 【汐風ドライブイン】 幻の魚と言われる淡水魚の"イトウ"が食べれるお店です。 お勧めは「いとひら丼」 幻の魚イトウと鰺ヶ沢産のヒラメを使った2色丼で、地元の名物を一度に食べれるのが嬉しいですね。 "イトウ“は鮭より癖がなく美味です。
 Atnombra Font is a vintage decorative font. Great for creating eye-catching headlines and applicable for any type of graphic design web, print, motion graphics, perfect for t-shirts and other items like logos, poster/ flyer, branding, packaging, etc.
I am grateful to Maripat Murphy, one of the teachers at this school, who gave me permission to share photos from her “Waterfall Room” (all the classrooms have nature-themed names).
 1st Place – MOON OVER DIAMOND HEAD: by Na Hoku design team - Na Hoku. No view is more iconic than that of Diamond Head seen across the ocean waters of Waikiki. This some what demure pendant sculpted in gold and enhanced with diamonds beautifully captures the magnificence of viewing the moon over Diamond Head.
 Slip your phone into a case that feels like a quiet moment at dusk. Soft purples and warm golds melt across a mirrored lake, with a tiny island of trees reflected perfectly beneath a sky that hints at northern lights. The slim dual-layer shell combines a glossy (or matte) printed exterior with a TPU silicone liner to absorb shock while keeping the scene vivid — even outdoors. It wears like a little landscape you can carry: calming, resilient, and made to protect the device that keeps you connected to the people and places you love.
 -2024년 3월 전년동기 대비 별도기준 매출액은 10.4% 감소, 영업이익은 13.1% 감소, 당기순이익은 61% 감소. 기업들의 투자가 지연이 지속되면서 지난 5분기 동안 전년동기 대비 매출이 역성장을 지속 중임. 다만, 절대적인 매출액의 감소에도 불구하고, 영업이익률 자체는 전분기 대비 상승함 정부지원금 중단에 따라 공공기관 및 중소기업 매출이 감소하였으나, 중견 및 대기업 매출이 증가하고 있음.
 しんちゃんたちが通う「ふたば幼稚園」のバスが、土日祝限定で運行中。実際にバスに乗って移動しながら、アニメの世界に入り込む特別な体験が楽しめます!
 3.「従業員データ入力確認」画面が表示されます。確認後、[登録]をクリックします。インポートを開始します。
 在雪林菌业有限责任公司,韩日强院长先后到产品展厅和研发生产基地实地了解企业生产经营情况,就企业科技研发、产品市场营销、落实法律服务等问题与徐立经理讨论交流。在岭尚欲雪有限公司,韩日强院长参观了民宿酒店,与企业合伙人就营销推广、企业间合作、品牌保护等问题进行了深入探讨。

################

# INSTRUCTIONS FOR THE TASK:
With the line containing "Atnombra Font is" as the last one, please set down exactly the lines of the records above from their very first line, and nothing more.

# THE ANSWER:
 【汐風ドライブイン】 幻の魚と言われる淡水魚の"イトウ"が食べれるお店です。 お勧めは「いとひら丼」 幻の魚イトウと鰺ヶ沢産のヒラメを使った2色丼で、地元の名物を一度に食べれるのが嬉しいですね。 "イトウ“は鮭より癖がなく美味です。
 Atnombra Font is a vintage decorative font. Great for creating eye-catching headlines and applicable for any type of graphic design web, print, motion graphics, perfect for t-shirts and other items like logos, poster/ flyer, branding, packaging, etc.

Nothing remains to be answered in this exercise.